Episodes
Wednesday Jun 17, 2020
Ep. 247: Colette Fu and a Typewriter
Wednesday Jun 17, 2020
Wednesday Jun 17, 2020
Bookbinder of the Week:
Colette Fu is a pop-up book artist. She makes incredible pop-up books that an adult can sit in, if you so desire. You can check out her pop-up books and her photos at ColetteFu.com. Watching some of her videos on YouTube inspired me to make my own – very simple – pop-up books. Hers are outta sight mechanically and visually. And big.
Tedorigawa News
Before rushing off to discuss myself, let me talk about myself. The Tedorigawa Bookmakers podcast is on Spotify, if you wish to use that service. I suspect this link links to my podcast. You can search for Tedorigawa or Tedorigawa Bookmakers. Both, hopefully, will get you to the podcast. Tedorigawa Bookmakers will get you there faster.
Bookbinding
This week I sewed Heart of November and The Priests of Hiroshima. This is my first sew-up of Heart of November but not for The Priests of Hiroshima. Heart of November has a lot – I mean A Lot – of graphics, typographical twists & turns, tricks & tumbles. I was hoping they transferred to both the printed page (they did) and the ebook version (they also did, I think.)
I also glued a re-covering attempt on my 30+ year-old Japanese textbook which is less a textbook and more of a detailed explanation of the language. It’s part of the Hodder & Stoughton publishing house’s Teach Yourself Books series; 14th printing in 1978. I probably bought it in 1979 when I first descended on these island shores.
After I upload this episode I will get to work casing in all three books.
Fiction
In moving my workshop/office from Place A to Place F (for free) I accumulated a lot of boxes; boxes for books, supplies, materials, unfinished work, attempts, and templates. Buried deep in these boxes were boxes I hadn’t looked in in several years. We’re talking at least two decades. Maybe more, as we shall see in a moment.

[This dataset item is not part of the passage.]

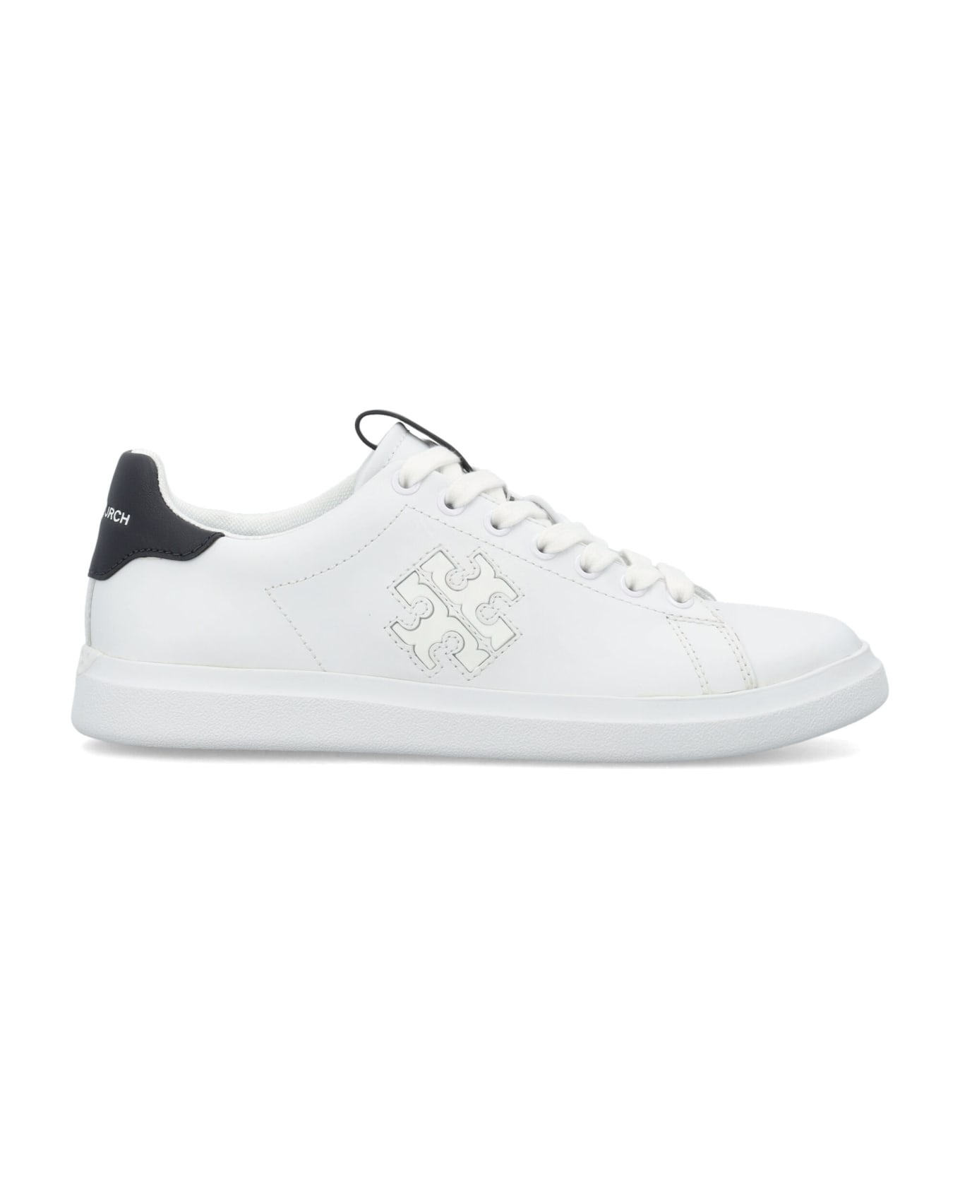 Double T Howell Court Sneakers By Tory Burch. Featuring: Leather Upper Round Toe Lace-up Fastening Contrast Logo Label At Tongue Contrast Heel Counter With Logo Print Mesh Lining Cushioned Midsole Eva And Rubber Sole

This week I opened them to sort them out in two piles: throw away or store. I found… Fiction. Short stories, plays, a few screenplays (mostly finished), and the scribbled outline of a novel that I never started and probably never will. I read the outline, didn’t like it so much, thought about it, and tossed it. Some of the fiction was typed. As in, typed on a typewriter. Yes, a typewriter. I haven’t used a typewriter since 1989.
I put one of them (There Is No Time in the Land of Nod) on InDesign and will probably upload it in a collection of short stories in the not to distant future — famous last words. I found a screenplay that I might turn into a novel called Sewers. As in people who sew. One character, the female of course, works in a factory making fancy jeans for rich people while the male character works for the department of water and power, ie in the sewers.
I have been writing Growing Slurry and reading its inspiration: Moby Dick. I’m a bit surprised at Moby Dick. After several attempts at starting it, I am finally reading it and one observation is the number of people who say they can’t get through it because he talks so much about whales seem to have missed the point; I couldn’t get into it because of his language style; now I can. Melville talks about whales a lot, yes, but as they relate to either the main characters, landlubbers, or a philosophy of life.